June 2015 Newsletter

Akin Prairie Walk Saturday

Please join us at the Akin Prairie this Saturday, June 6, starting at 10 AM. Kelly Kindscher will lead this prairie flower walk from 10 AM - Noon. The Akin Prairie southeast of Lawrence was the first prairie conserved by the Kansas Land Trust. If you have any questions, please contact Jerry Jost at jjost@klt.org
Directions: Traveling on K-10 east of Lawrence, go two miles south on East 1900 Road, and 0.4 mile west on North 1150 Road. The location is 1850 North 1150 Road.

Conservation Challenge!

KLT friends and supporters, here’s your chance to double your impact on land conservation in Kansas!   KLT has received a $5,000 challenge pledge – a group of great conservation enthusiasts will match donations, up to a total of $5,000, if they are made to KLT by June 20.  So join the challenge by making a donation to KLT by June 20, and your gift will be matched, up to a total of $5,000. Contribute today to take advantage of the generosity of others. Visit our website to donate online, or send your donation, postmarked no later than June 20, to Kansas Land Trust, 16 E. 13th Street, Lawrence, KS 66044.  Working together we can save the beautiful places and open spaces that we all love! 

An Appeal to All

"We never should miss an opportunity to aid in preserving the Tallgrass prairie." - Dr. Nathan Bolls, Emeritus Professor of Biology, proud new member of the Kansas Land Trust.

Many Thanks to Ginny

KLT gives a big thank you to Ginny Moore for leading and serving the Kansas Land Trust the past four years as our executive director.

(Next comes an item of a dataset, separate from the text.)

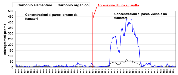 Misurazione diretta in un parco milanese della quantità di carbonio elementare (in nero) e organico (in blu, di cui è ricco il fumo di sigaretta), lontano e poi vicino a un fumatore, per dimostrare come anche all’aria aperta, stare intorno a chi fuma nuoce alla salute.

Ginny wisely navigated KLT through new funder partnerships and launched a series of significant conservation projects some of which are still in development. Continuing to work with KLT as a consultant, Ginny will help KLT preserve in perpetuity more scenic Flint Hills properties.  

Notes on Nature                     

Milkweeds serve a valuable role in our world. The Isleta, a Pueblo tribe, treated inflammation from colds and sinus infections with ground leaf and stem of broadleaf milkweeds. This plant has some of the largest leaves of any shortgrass prairie plant. With growing concern about Monarch populations, milkweeds are an important food source for Monarch larvae.